Sections were stained with DAPI and imaged using confocal microscopy (×20 objective) to map the tdTomato⁺ tumour cells and identify regions of interest. These regions were prepared for electron microscopy by processing, ultrathin sectioning and imaging on a scanning electron microscope (SEM)^78,79. All EM analysis was conducted on ≥50 axons per bundle in ≥3 bundles (n = 4 mice). Degenerating axons were identified as those exhibiting any of the following features of axonal pathology: condensed/dark axoplasm, organelle accumulation, axonal swelling, vacuolization (Fig. 3c,d). For quantitative analysis of demyelination, inner diameter, outer diameter, myelin thickness and corresponding g-ratios of myelinated axons were semiautomatically calculated using the software program MyelTracer (v.1.3.1)⁸⁰. Feret diameters were used to account for the imperfect circularity of axons⁹.

Statistical analysis and data visualization

Statistical analysis was performed in Prism 10 or R (v.4.3.2).
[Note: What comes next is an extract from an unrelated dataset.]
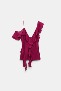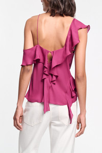 The ruffle top is made from double silk georgette and has spaghetti- and ruffle straps. The top is fitted and has a soft bias drape. Material & Care - 100 % Silk - Silk double georgette top with ruffles - Spaghetti- and ruffle straps - Bias cut body - Handwaschprogramm / Maschinenwasche - Mit ahnlichen Farben waschen Size & Fit - Our model is 178 cm tall and wears a size S - Fitted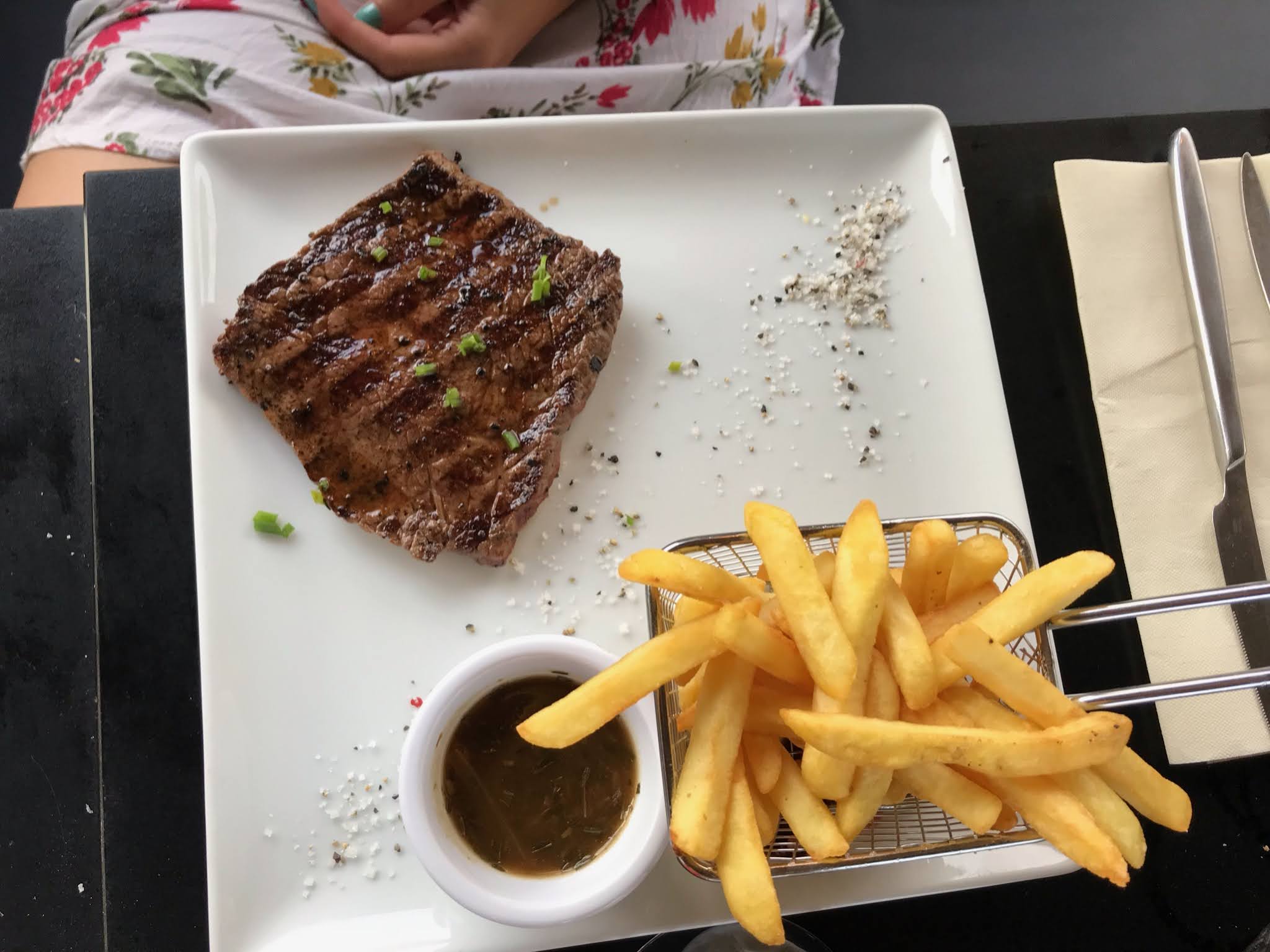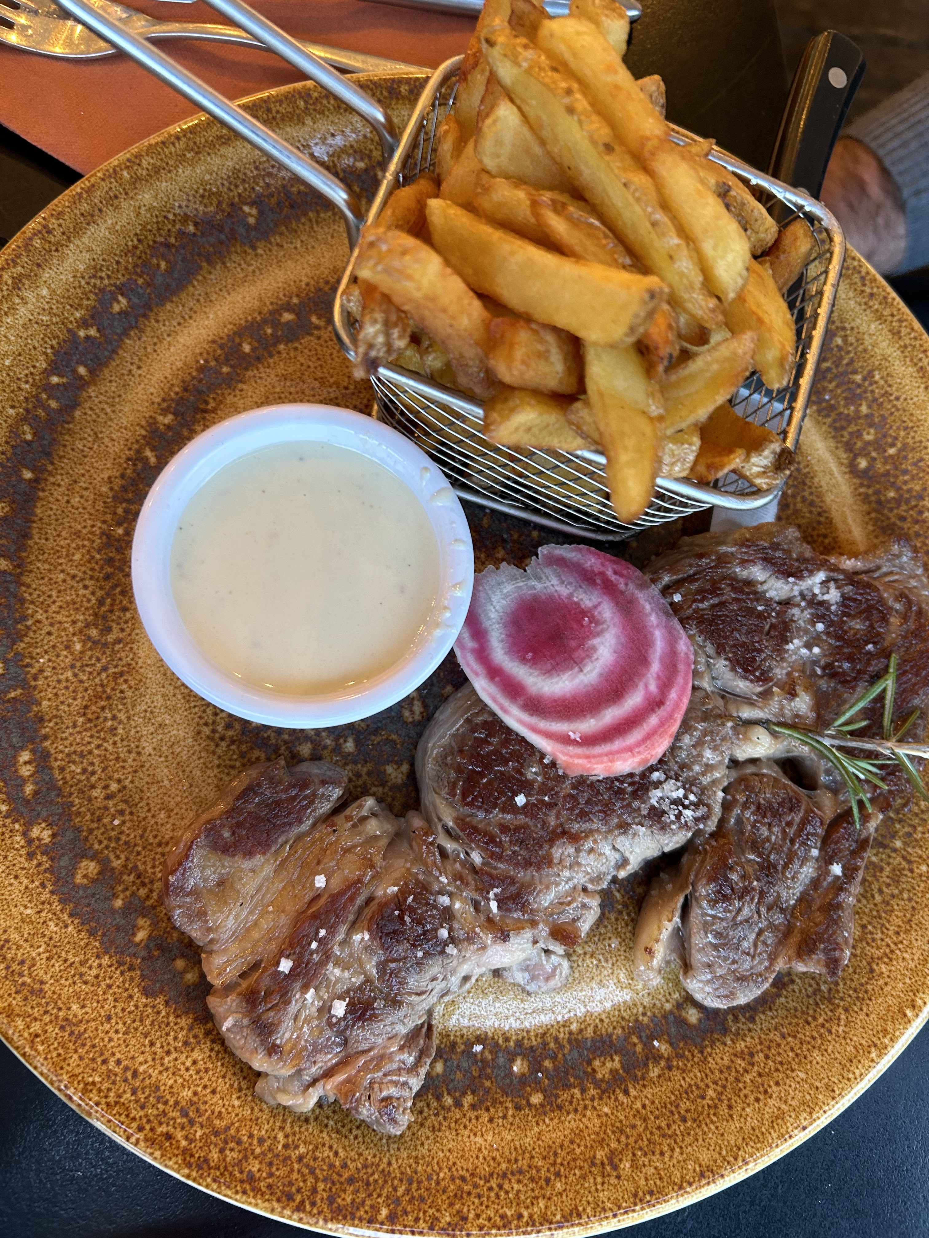 Heureusement que la serveuse était souriante.. Le service était très long, on nous a oublié 2 fois. On avait commandé une entrecôte saignante avec des légumes, elle était quasiment cuite et avec des frites.. Pas très organisés et un peu perdus dans le service malheureusement. Un peu cher pour le coup mais le décor est joli. L’hygiène des wc est à revoir..

Significance was calculated as indicated in the figure legends. All t-tests were two-tailed. All data are expressed as mean ± s.d. unless otherwise stated. Exact P values are provided in the source data and on the figures or in the legends. No statistical method was used to predetermine sample size. Sample size was determined based on existing literature and our previous experience. Data visualization was done using the ggplot2 package in R⁸¹. Heat maps was generated using the ComplexHeatmap package⁸².

Reporting summary

Further information on research design is available in the Nature Portfolio Reporting Summary linked to this article.